About the tid, gdb only returns this one string, Remote target, without anything else in it. I'm returning a fake numerical thread id, but it seems gdb ignores it and just overrides it with this string.

[nicolasnoble]

Ah, about thread id, it seems like I only need to implement the support for the multiprocess feature extension: https://github.com/bminor/binutils-gdb/blob/56c1f748a5df6d0f7c75586204e3010fa3e164f9/gdb/remote.c#L12011-L12023

https://sourceware.org/gdb/onlinedocs/gdb/General-Query-Packets.html#multiprocess-extensions

I'll try adding this.

[d-millar]

Re "maintenance info sections", correct you have to roll you own here. I would guess the script should look something like:

define info proc mappings
echo 0x0 0xFFFFFFFF 0xFFFFFFFF 0x0 mem \n
end

define maintenance info sections ALLOBJ (or -all-objects)
`PCSX-Redux', file type elf64-mips:3000. \n
[0] 0x0->0xFFFFFFFF at 0x00000000: .interp ALLOC LOAD READWRITE DATA HAS_CONTENTS
end

but am guessing you'll need to play around with this.

[nicolasnoble]

Perfect, thanks. I had no idea what format this was expecting, so this helps a lot. I'll give this a try later today.

[nicolasnoble]

So with these changes, (and still the change to the mips.ldefs file) breakpoints now work properly, but hovering on variables now fail differently.

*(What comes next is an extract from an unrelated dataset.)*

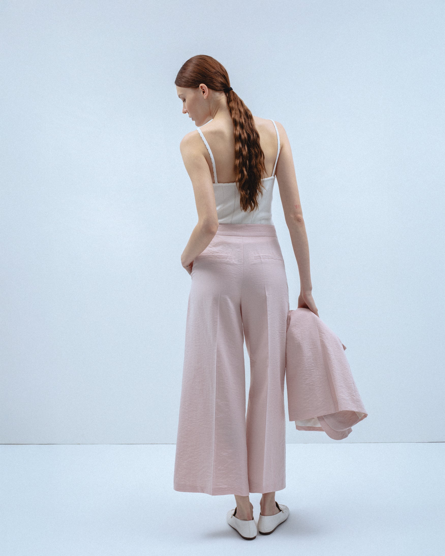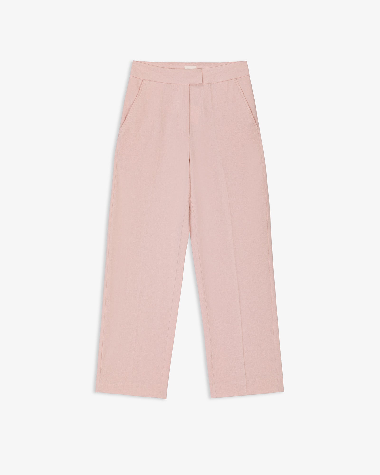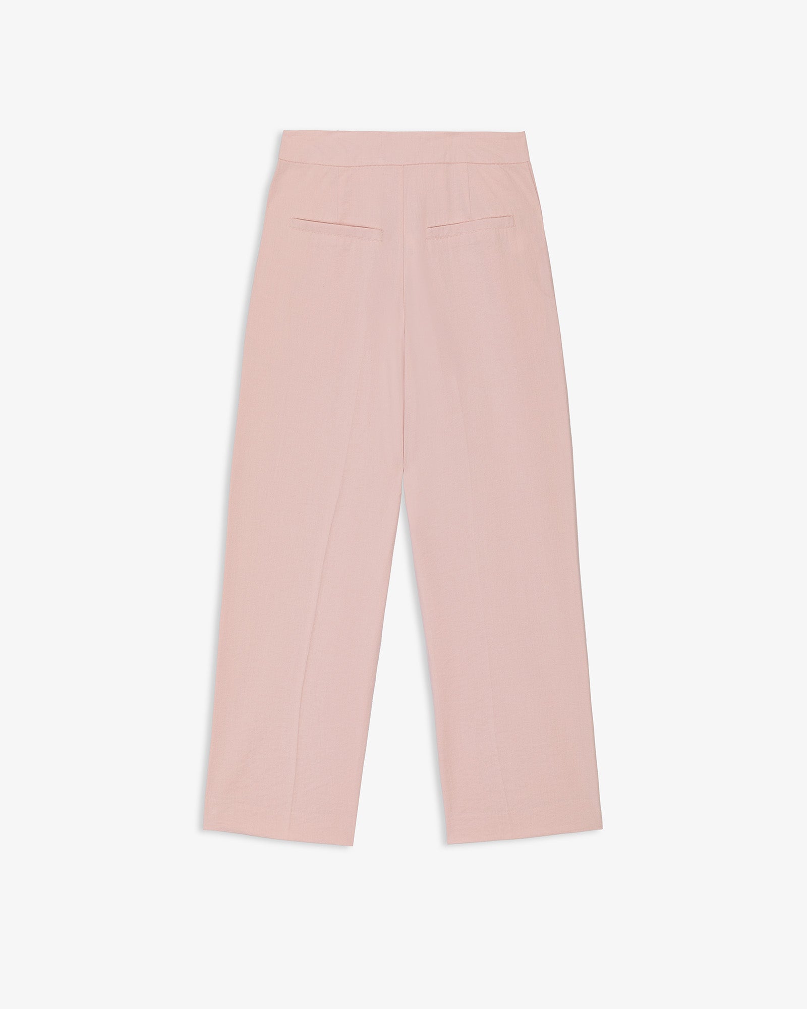 Pantalón de tiro alto confeccionado en tejido con mezcla de algodón. Pernera ancha con detalle de costura marcada en el delantero. Bolsillos laterales de vivo y cierre frontal con cremallera, botón interior y gancho metálico.

When trying to hover on a variable the first time, there'll be an out of bound exception during this callstack:

Any further hovering just gets a generic failure about how it can't find the stack frame.

[d-millar]

@nicolasnoble @dev747368 has a tickets in for the various hover issues - will add this to the queue. Also, if I get a chance today, will see if there's a straightforward workaround. Thanks!

[nicolasnoble]

I'll probably make a quick video to show how to get going because the setup is quite involved at this point, which I can then share here.

[nicolasnoble]

Here: https://youtu.be/yqnPm9unNJQ - probably want to watch this in 4k. I'm showing how to do the connection, how to start the debugger, but most importantly, I'm showing the various bugs there is with data inspection; I don't know if you're tracking all of them.

[d-millar]

@nicolasnoble Just following up: the video was very very helpful - am going to lobby all of customers to do this. :)

Various issues:
(1) Had you used "openbios.elf" in place of "PCSX Binary" in your ghidra_debugger_script, I think you would have avoided the need for manually mapping memory. That said, that's almost as much work, if not more, than hitting the <=> key, so.... I think your demonstration of that feature in the video does your customers a service.
(2) I am going to add a sample script for "maintenance info sections" to the distribution - not sure why I didn't do that when I added the "info proc mappings". Doesn't really obviate the need for the script, so will have to think about that some more.
(3) Have added a ticket for the problems with the hover - the fix may be a bit complex, so not sure when that will be remedied.
(4) Have added a ticket for the hover stack trace - that should be fixed soon.
(5) Have added a ticket for migrating structures from the Static listing to the Dynamic listing. Great idea - seconded by others, thanks!
(6) Have a ticket in to add r3000, so you won't have to edit the .ldefs file.

Again, thanks for the visuals. Keep us posted if you hit other bugs!